▶ Saved entries
_ _ _ _ _
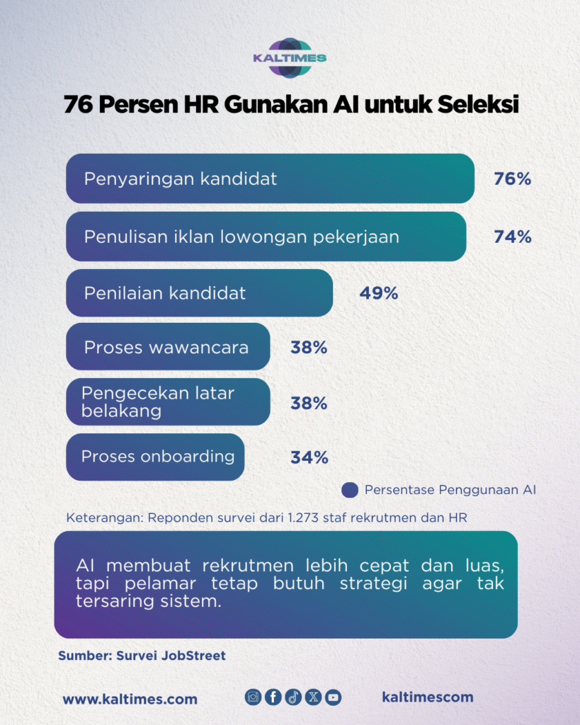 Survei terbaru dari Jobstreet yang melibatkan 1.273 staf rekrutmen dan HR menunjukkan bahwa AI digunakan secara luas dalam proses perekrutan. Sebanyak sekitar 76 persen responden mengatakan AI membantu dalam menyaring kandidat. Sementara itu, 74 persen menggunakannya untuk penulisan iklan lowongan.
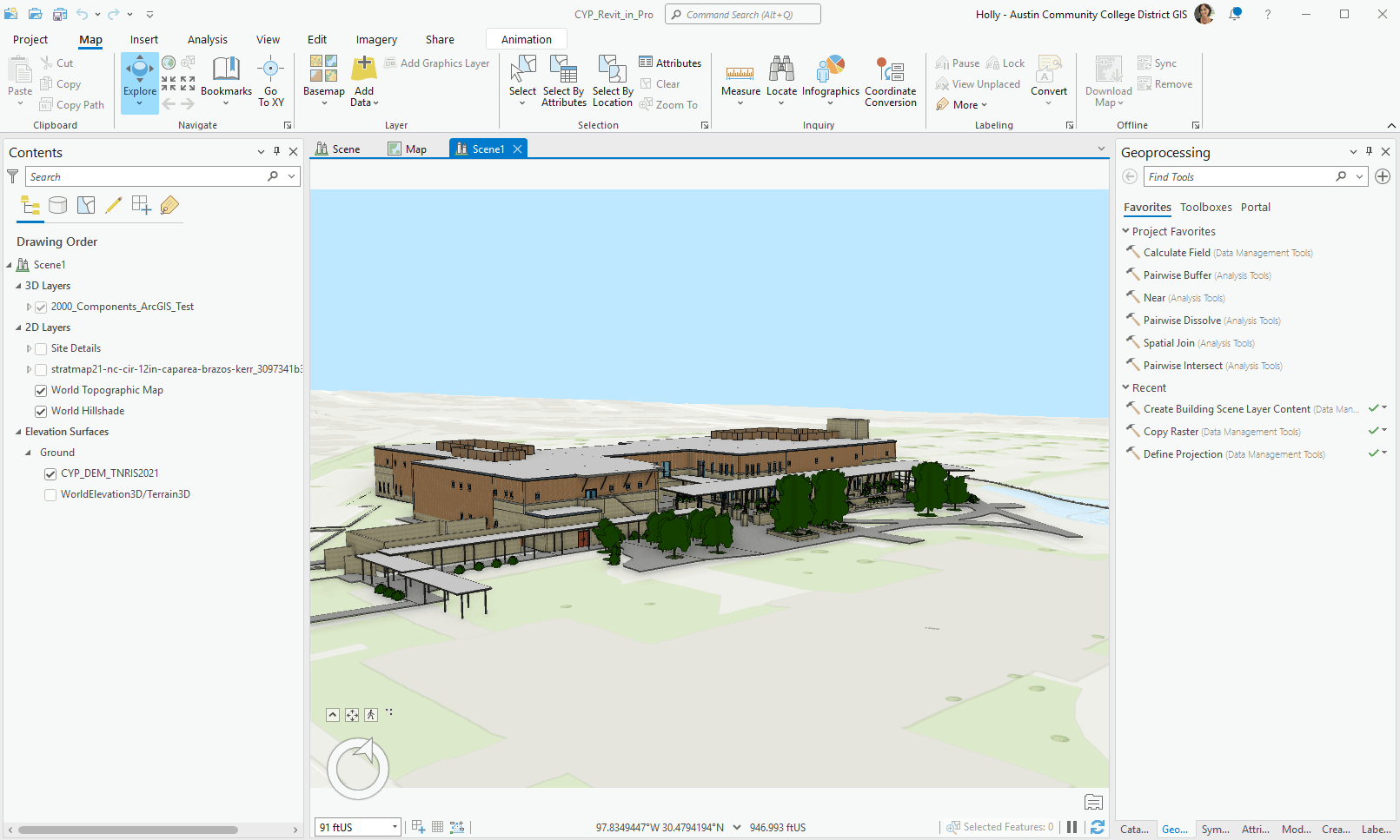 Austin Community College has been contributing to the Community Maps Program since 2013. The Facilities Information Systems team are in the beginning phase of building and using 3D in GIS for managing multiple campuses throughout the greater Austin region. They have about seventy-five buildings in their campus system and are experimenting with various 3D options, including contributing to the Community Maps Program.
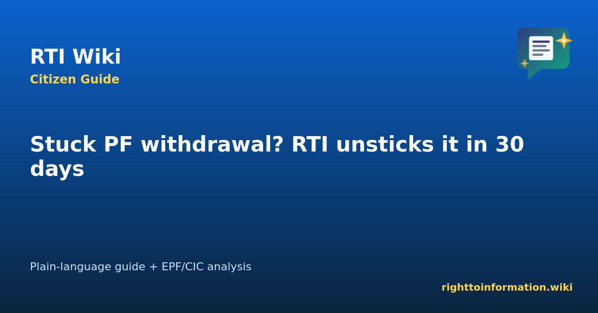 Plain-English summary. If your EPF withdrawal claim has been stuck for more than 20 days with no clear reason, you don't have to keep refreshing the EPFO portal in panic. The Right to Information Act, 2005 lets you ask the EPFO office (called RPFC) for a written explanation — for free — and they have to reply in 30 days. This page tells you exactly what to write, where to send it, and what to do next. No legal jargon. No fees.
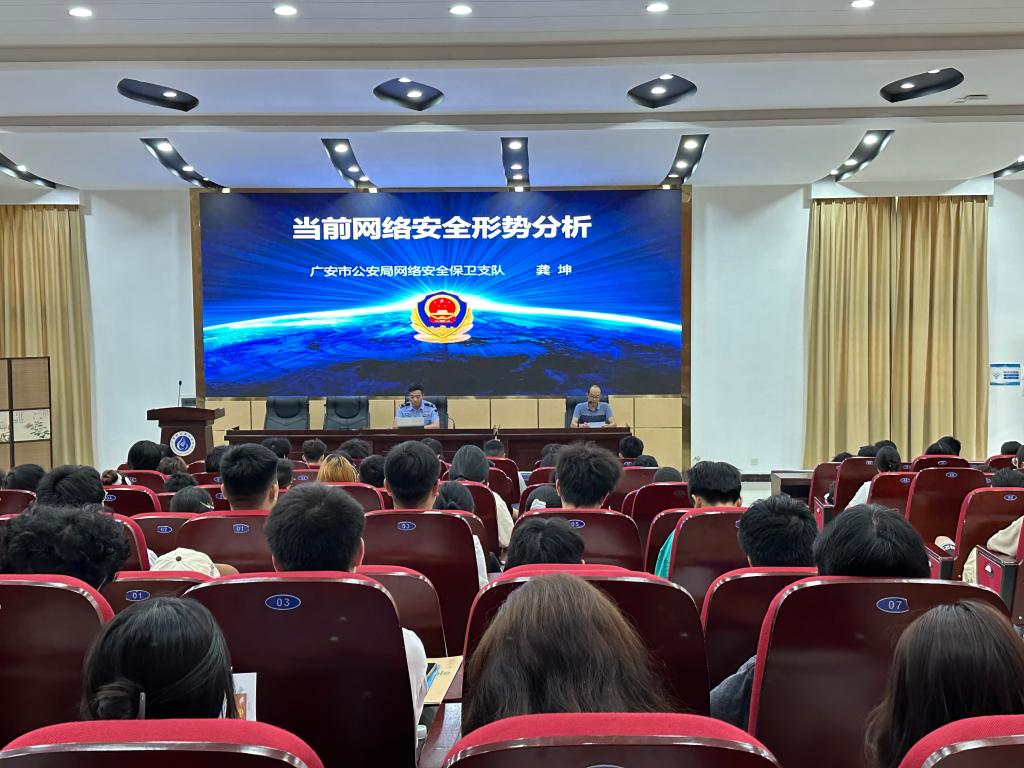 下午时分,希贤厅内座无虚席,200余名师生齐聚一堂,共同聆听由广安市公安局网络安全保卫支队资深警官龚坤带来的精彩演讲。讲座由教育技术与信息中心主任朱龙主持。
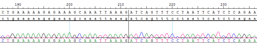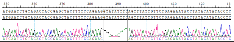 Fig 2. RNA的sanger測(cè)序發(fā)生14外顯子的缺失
_ _ _ _ _
▶ Task
Output every entry exactly as given; pictures are not part of the copy.

▶ Problem solution
 Survei terbaru dari Jobstreet yang melibatkan 1.273 staf rekrutmen dan HR menunjukkan bahwa AI digunakan secara luas dalam proses perekrutan. Sebanyak sekitar 76 persen responden mengatakan AI membantu dalam menyaring kandidat. Sementara itu, 74 persen menggunakannya untuk penulisan iklan lowongan.
 Austin Community College has been contributing to the Community Maps Program since 2013. The Facilities Information Systems team are in the beginning phase of building and using 3D in GIS for managing multiple campuses throughout the greater Austin region. They have about seventy-five buildings in their campus system and are experimenting with various 3D options, including contributing to the Community Maps Program.
 Plain-English summary. If your EPF withdrawal claim has been stuck for more than 20 days with no clear reason, you don't have to keep refreshing the EPFO portal in panic. The Right to Information Act, 2005 lets you ask the EPFO office (called RPFC) for a written explanation — for free — and they have to reply in 30 days. This page tells you exactly what to write, where to send it, and what to do next. No legal jargon. No fees.
 下午时分,希贤厅内座无虚席,200余名师生齐聚一堂,共同聆听由广安市公安局网络安全保卫支队资深警官龚坤带来的精彩演讲。讲座由教育技术与信息中心主任朱龙主持。
 Fig 2. RNA的sanger測(cè)序發(fā)生14外顯子的缺失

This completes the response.